**Goal of the exercise:** Everything from the line that contains "SR-Dateien in der" to the final line of the data, both ends included, must be set down exactly, apart from the pictures.

**Exercise data:**
........
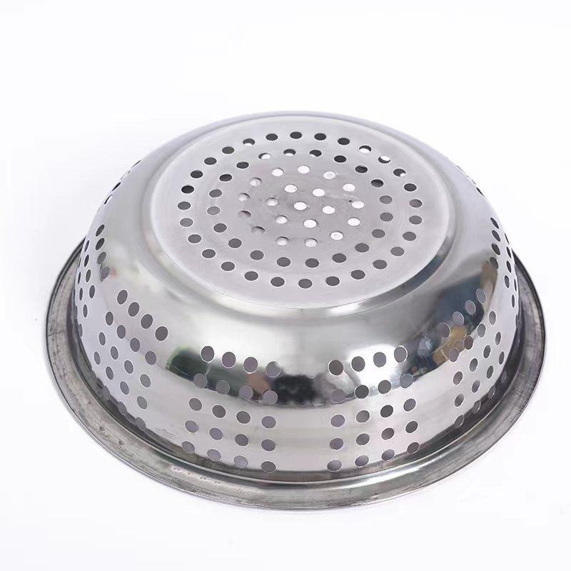 Suministro directo de fábrica, cesta para lavar verduras de acero inoxidable 201 de 32 cm para supermercado, cesta de drenaje para cocina, tamiz de acero inoxidable, venta al por mayor
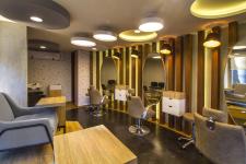 Un ambiente sofisticado era el objetivo solicitado por el cliente para el diseño interior de su salón Silvette. El elemento principal del espacio es una celosía de madera que marca la distribución de las áreas y para enfatizar su protagonismo el equipo de DIN interiorismo decidió iluminarla de forma indirecta para hacerla sobresalir. La celosía sirve además como soporte para las unidades de atención a clientes recibiendo los espejos y cajoneras de cada lugar.
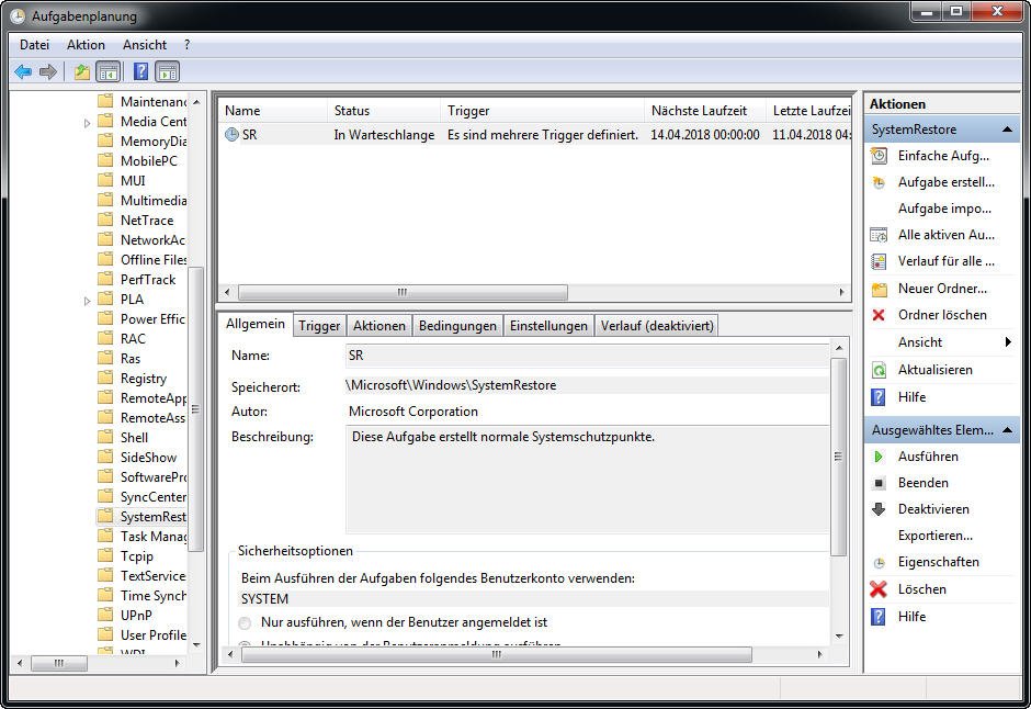 SR-Dateien in der Aufgabeplanung ist einer der Gründe, die zu keinen Systemwiederherstellungspunkten führen. Um das Problem zu lösen, müssen Sie Trigger in SR-Eigenschaften ändern.
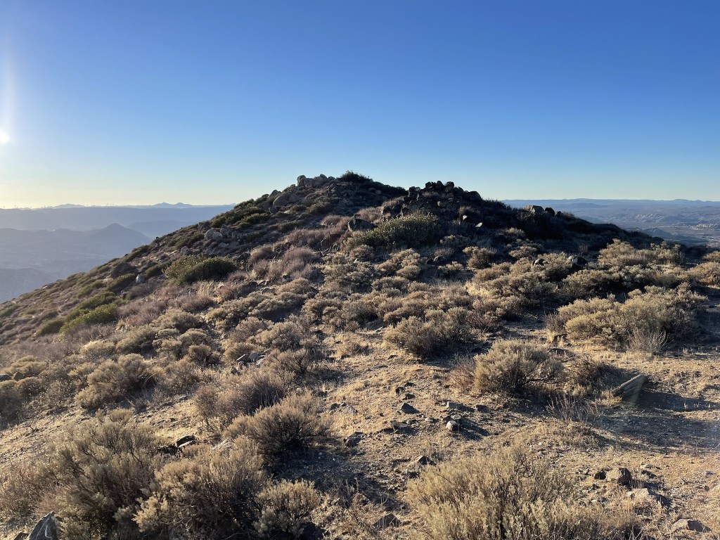 I reached Gasp Benchmark at 11:30am at 6.7 miles! Similar to Groan, Gasp Benchmark is located on a random pile of rocks instead of a highpoint along the ridge. I was pretty excited to have climbed my 96th and 97th peaks on the San Diego 100 Peaks List. Only 3 more to go! I signed the register which dated back to 1995. The previous entry was from November 11. I did not locate the benchmark or any reference markers. I had a good view of Tule (right) and Rozzie (left) to the south:
........
**Solution:**
 SR-Dateien in der Aufgabeplanung ist einer der Gründe, die zu keinen Systemwiederherstellungspunkten führen. Um das Problem zu lösen, müssen Sie Trigger in SR-Eigenschaften ändern.
 I reached Gasp Benchmark at 11:30am at 6.7 miles! Similar to Groan, Gasp Benchmark is located on a random pile of rocks instead of a highpoint along the ridge. I was pretty excited to have climbed my 96th and 97th peaks on the San Diego 100 Peaks List. Only 3 more to go! I signed the register which dated back to 1995. The previous entry was from November 11. I did not locate the benchmark or any reference markers. I had a good view of Tule (right) and Rozzie (left) to the south:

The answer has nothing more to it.